But, if I use openocd, the speed is 90KB/S, is that normal?

***************************************
** Silicon: 0xE455, Family: 0x102, Rev.: 0x12 (A1)
** Detected Device: CY8C624AFNI-S2D43
** Detected Main Flash size, kb: 2048
** Flash Boot version: 3.1.0.378
** SFlash version: 292144
** Chip Protection: NORMAL
***************************************
Info : psoc6.cpu.cm4: hardware has 6 breakpoints, 4 watchpoints
Info : psoc6.cpu.cm4: external reset detected
Info : Listening on port 3333 for gdb connections
Info : Listening on port 3334 for gdb connections
adapter speed: 5000 kHz
Info : SWD DPIDR 0x6ba02477
target halted due to debug-request, current mode: Thread
xPSR: 0x41000000 pc: 0x000000e0 msp: 0x080ff800
** psoc6.cpu.cm4: Ran after reset and before halt...
target halted due to debug-request, current mode: Thread
xPSR: 0x01000000 pc: 0x0000012a msp: 0x080ff800
** Programming Started **
auto erase enabled
Info : Flash write discontinued at 0x100227c8, next section at 0x10025000
Info : Padding image section 0 at 0x100227c8 with 56 bytes (bank write end alignment)
[100%] [################################] [ Erasing     ]
[100%] [################################] [ Programming ]
Info : Padding image section 1 at 0x101eb1a4 with 92 bytes (bank write end alignment)
[100%] [################################] [ Erasing     ]
[100%] [################################] [ Programming ]
wrote 1870336 bytes from file ./build/CY8CPROTO-062-4343W_B20/Debug/SmartWatch.hex in 19.714502s (92.648 KiB/s)
** Programming Finished **

** Verify Started **
verified 1870188 bytes in 3.504242s (521.184 KiB/s)
** Verified OK **
** Resetting Target **
Info : SWD DPIDR 0x6ba02477

loveshipting avatar Dec 07 '21 06:12 loveshipting

Ooh, that's quite a difference! pyocd is currently (considerably) slower programming flash through a J-Link than letting the J-Link do the programming (which is how openocd works).

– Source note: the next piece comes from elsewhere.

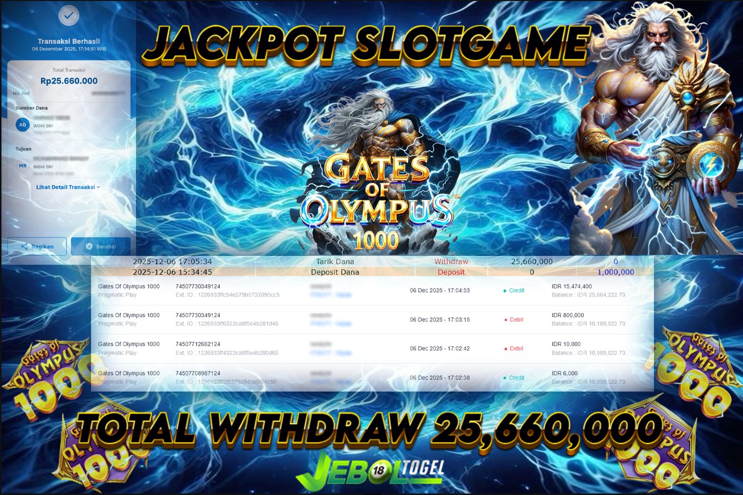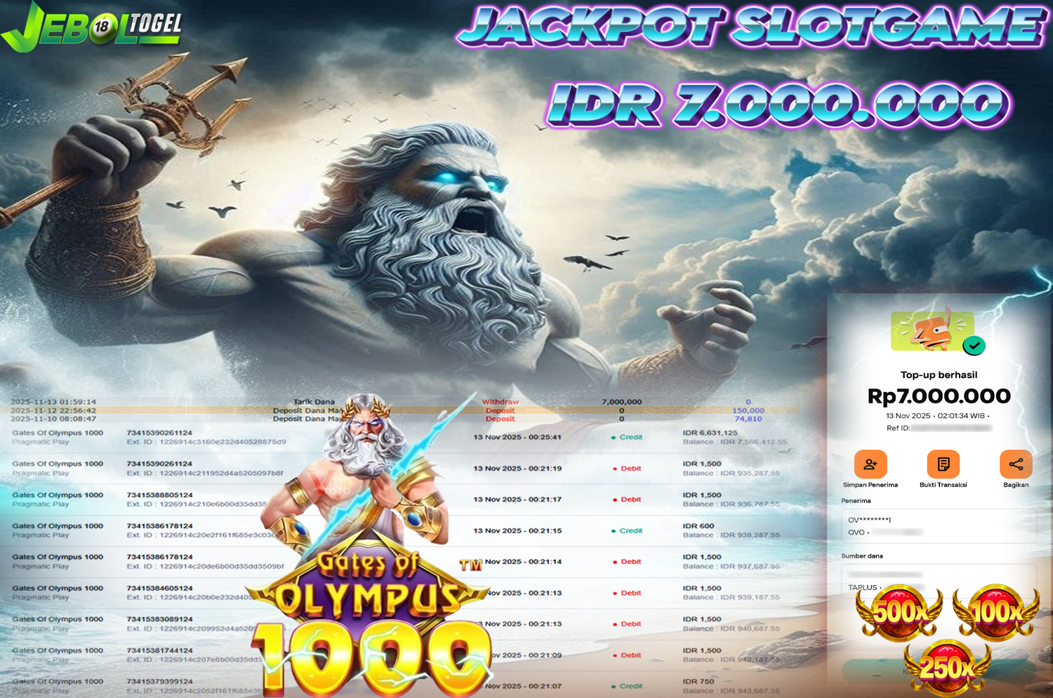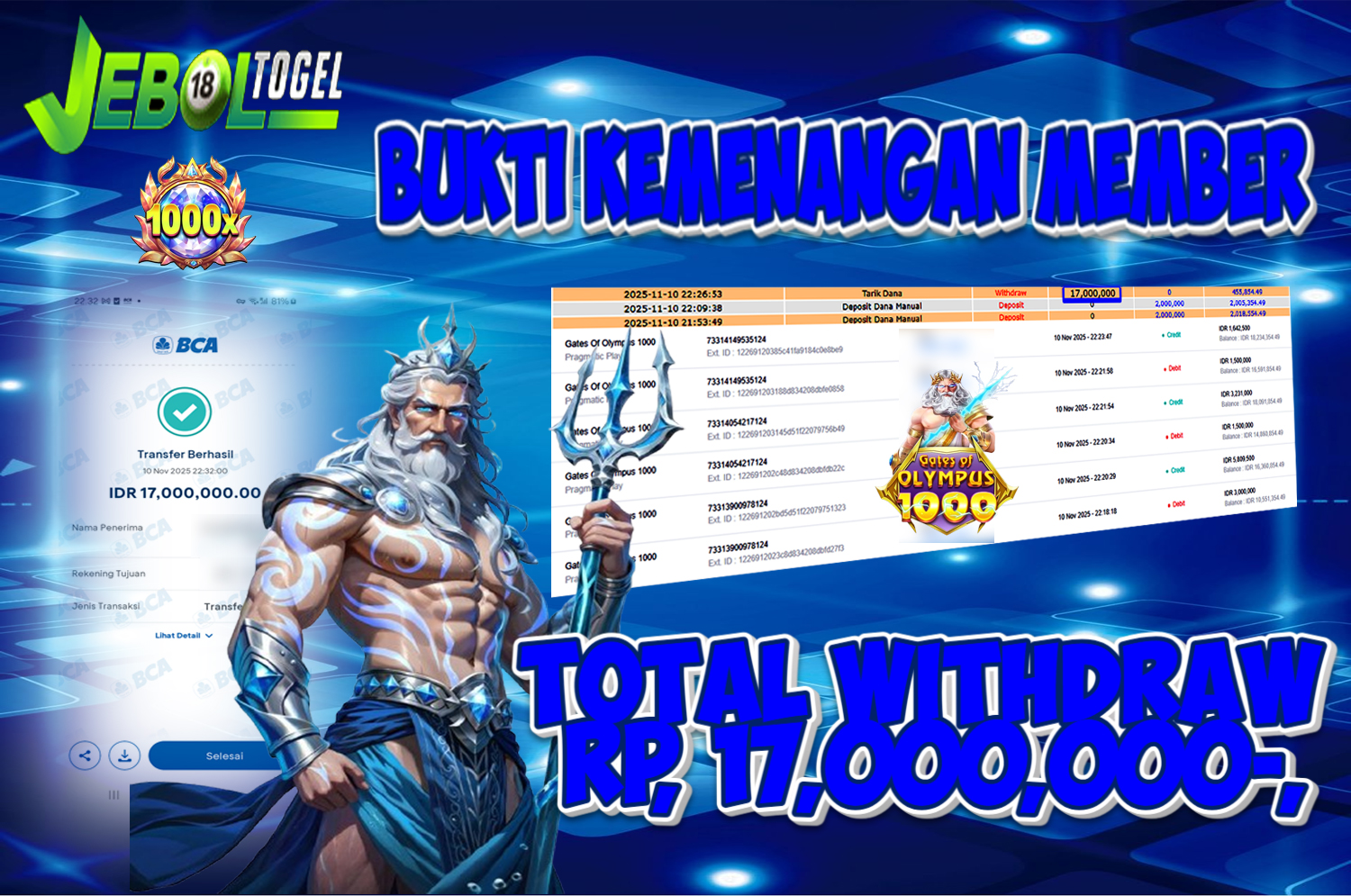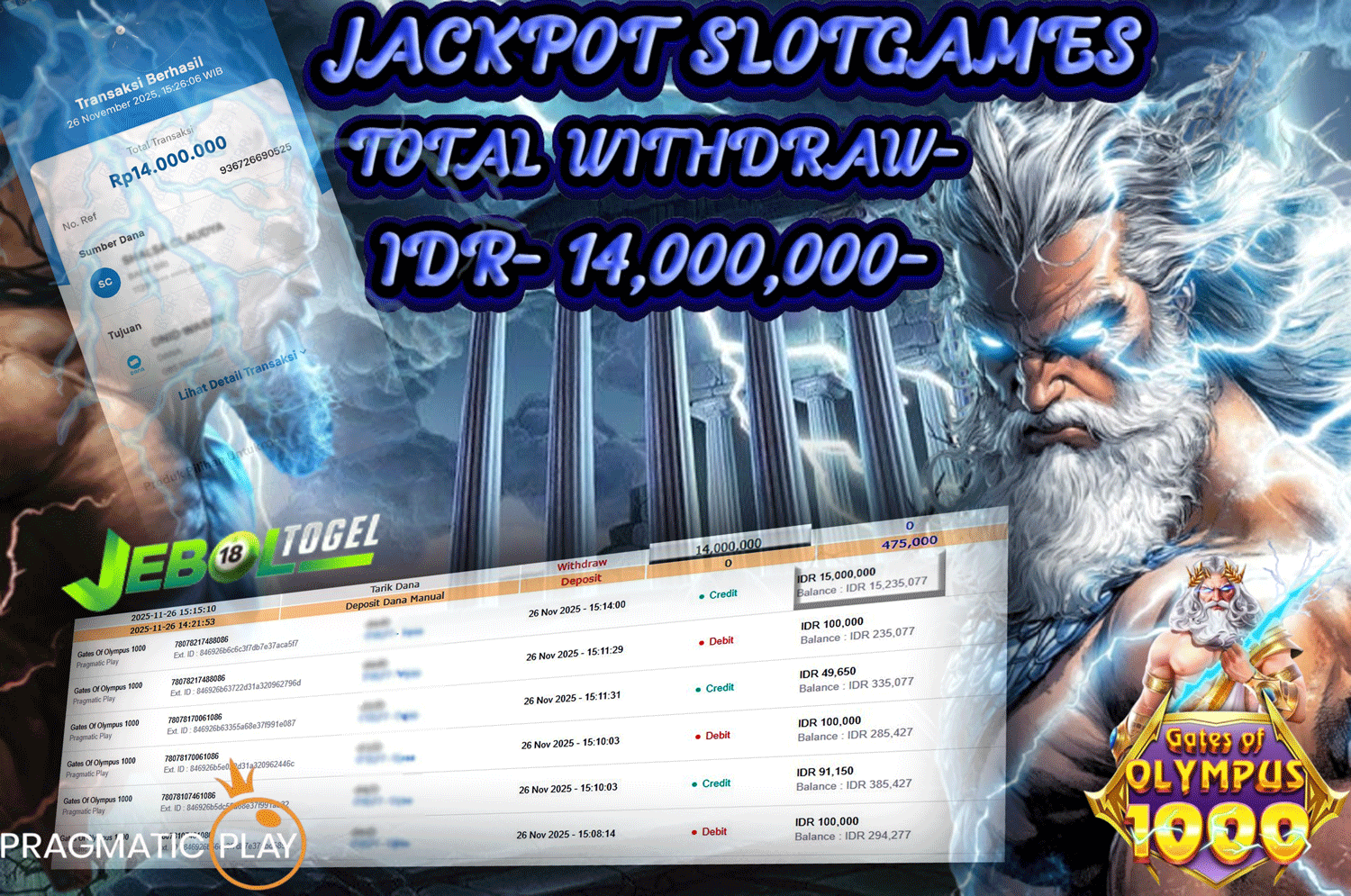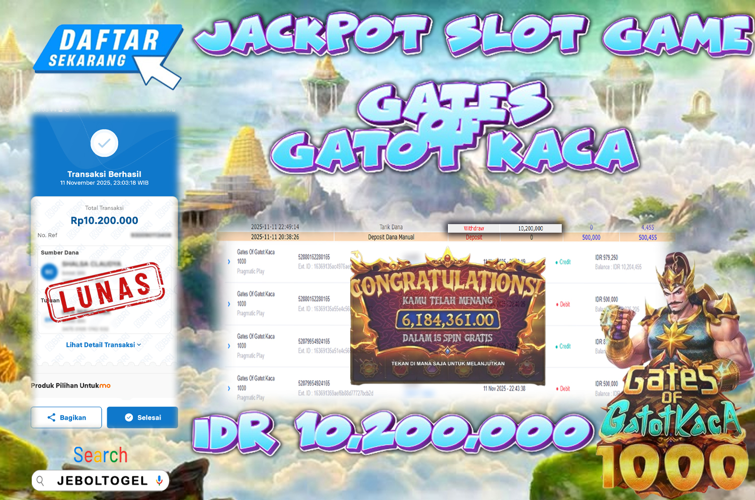 Kemenangan SLOTGAME Gates Of Gatot Kaca 1000 ( Pragmatic Play ) Segera bergabung dengan kami JEBOLTOGEL, SITUS TERBESAR dan TERPERCAYA yang pasti BAYAR JP ANDA!

That's because pyocd uses the low-level J-Link DAP commands instead of the high level J-Link flash programming commands. This is mostly for compatibility and consistent behaviour, but using the low-level commands is a lot slower due to the way they work.

There's a lot of room for improvement, but I haven't had time to do it myself. This is an area ripe for someone from the community to work on. 😉 Sorry the performance is so bad right now.

flit avatar Dec 07 '21 22:12 flit

stlink v2-1 is significantly faster than jlink in pyocd (rougly ~5 times, I can do more precise benchmarks). Is that expected as stlink has limited low-level command capabilities? (at least in openocd, stlink is HLA - high level adapter)

diggit avatar Apr 16 '22 08:04 diggit

Yep, that's expected at the moment. STLink actually has pretty good low-level commands. JLink's are pretty close to the same. The major difference is that STLink makes it easier to use high level memory transfer commands, and 1) they work with any AP, 2) you can configure the AHB/AXI transfer attributes. Neither of which are possible with JLink afaik. So there's no reason to use HLA with STLink (this wasn't true for early STLink2 firmware versions).

It's definitely possible to improve JLink performance on pyocd to approximate equal STLink or CMSIS-DAPv2, and not really all that hard. But someone other than me will have to implement it if it's to be done in the forseeable future. The main changes required are to use high level memory transfers if the JLink device type is configured correctly (so basically duplicating the pyocd target type name, but sometimes slightly different spelling of the part number 😞), plus a fallback to the non-accelerated memory transfers (e.g. the current method) for secondary cores and other APs.

flit avatar Apr 21 '22 21:04 flit